I agree with you that machinery needs to be used, but look at it this way: There are many non-automotive vehicles such as farm tractors and construction equipment, as well as new vehicles and machines, that sit for a long time before they are sold, and they don’t experience A/C failures right away. Granted, if a farm tractor sat for five years before it was sold, there would be a loss of refrigerant, but the compressor would not fail.

Based on you having three new vehicles in 14 years, on the average, you keep each around five years. That works out to a new car every five years or so. That is just at the threshold of needing to have the A/C serviced.

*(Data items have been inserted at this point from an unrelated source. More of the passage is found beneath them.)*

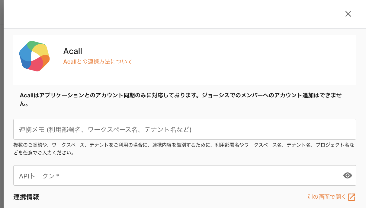 ジョーシスのアプリ連携ページでAcallを連携する手順です
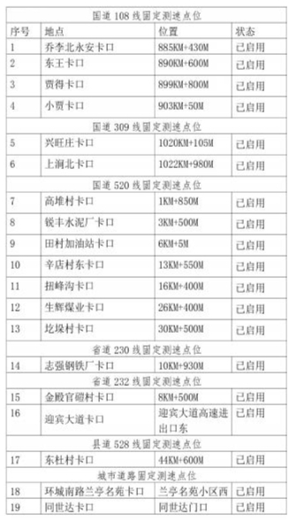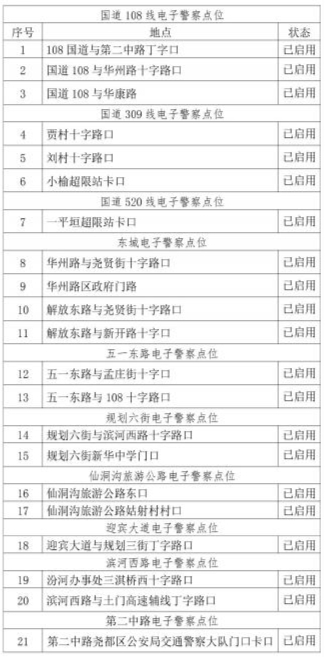 为进一步提升交通技术监控管理水平,加强道路交通安全管理,规范交通秩序,预防道路交通事故的发生,创造安全、文明、有序的道路交通环境,严厉打击超速、闯红灯、不按规定车道行驶、闯禁令、逆行等各类交通违法行为,根据《中华人民共和国道路安全法》、《中华人民共和国道路交通安全法实施条例》、新实施的《中华人民共和国行政处罚法》以及公安部《道路交通安全违法行为处理程序规定》等法律、法规的有关规定,依据山西省公路局临汾分局勘察设计院出具《临汾境内国省干线公路限速标志整改工程》标准。现将尧都区境内固定执法取证设备点位集中重新公示如下:
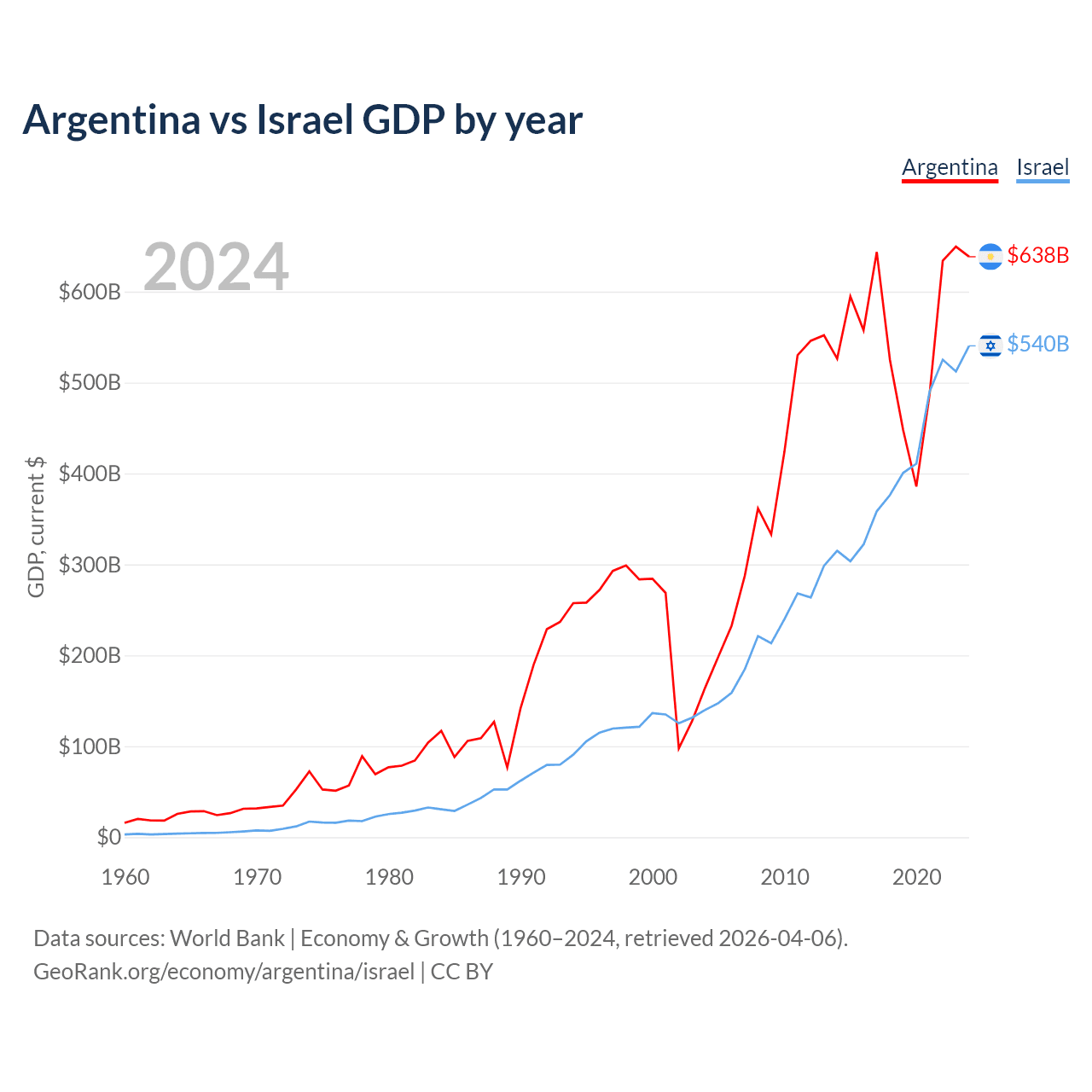 Argentina vs Israel GDP by year
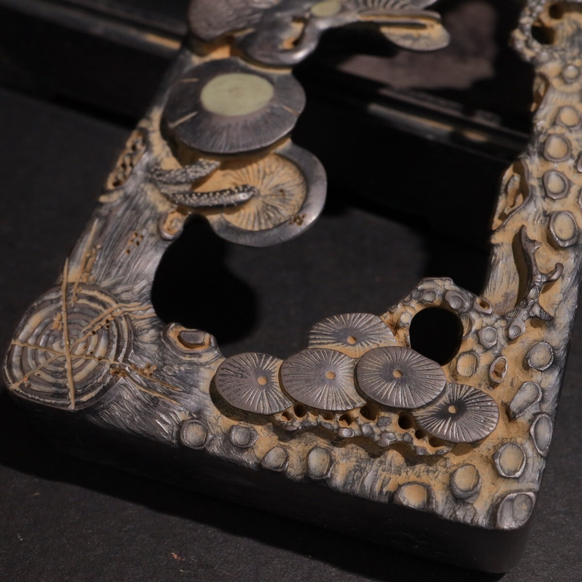「古端石硯 松鶴延年文房端渓蓋硯 繆とう銘 清時代」手彫り 文房四宝 書道具 中国古美術 旧蔵出

Without doing an autopsy on your Barracuda’s Sanden compressor, we do not know why it failed. It may have been a mechanical issue. However, I would bet it was from acid. Was the dryer changed with the compressor? If not, then the desiccant is most likely saturated and may take out the new compressor over time.

Please know that I agree it is always good to use every aspect of machinery regularly, but I do not want someone in North Dakota in the winter to be worried. If they use the defroster, then the A/C is being exercised!

Moisture that enters the system as the refrigerant slowly escapes is the culprit for most A/C system failures. Several of my vehicles have between 100,000 and 500,000 miles as of this writing. I have never suffered an A/C system failure—every three to five years, I service the systems.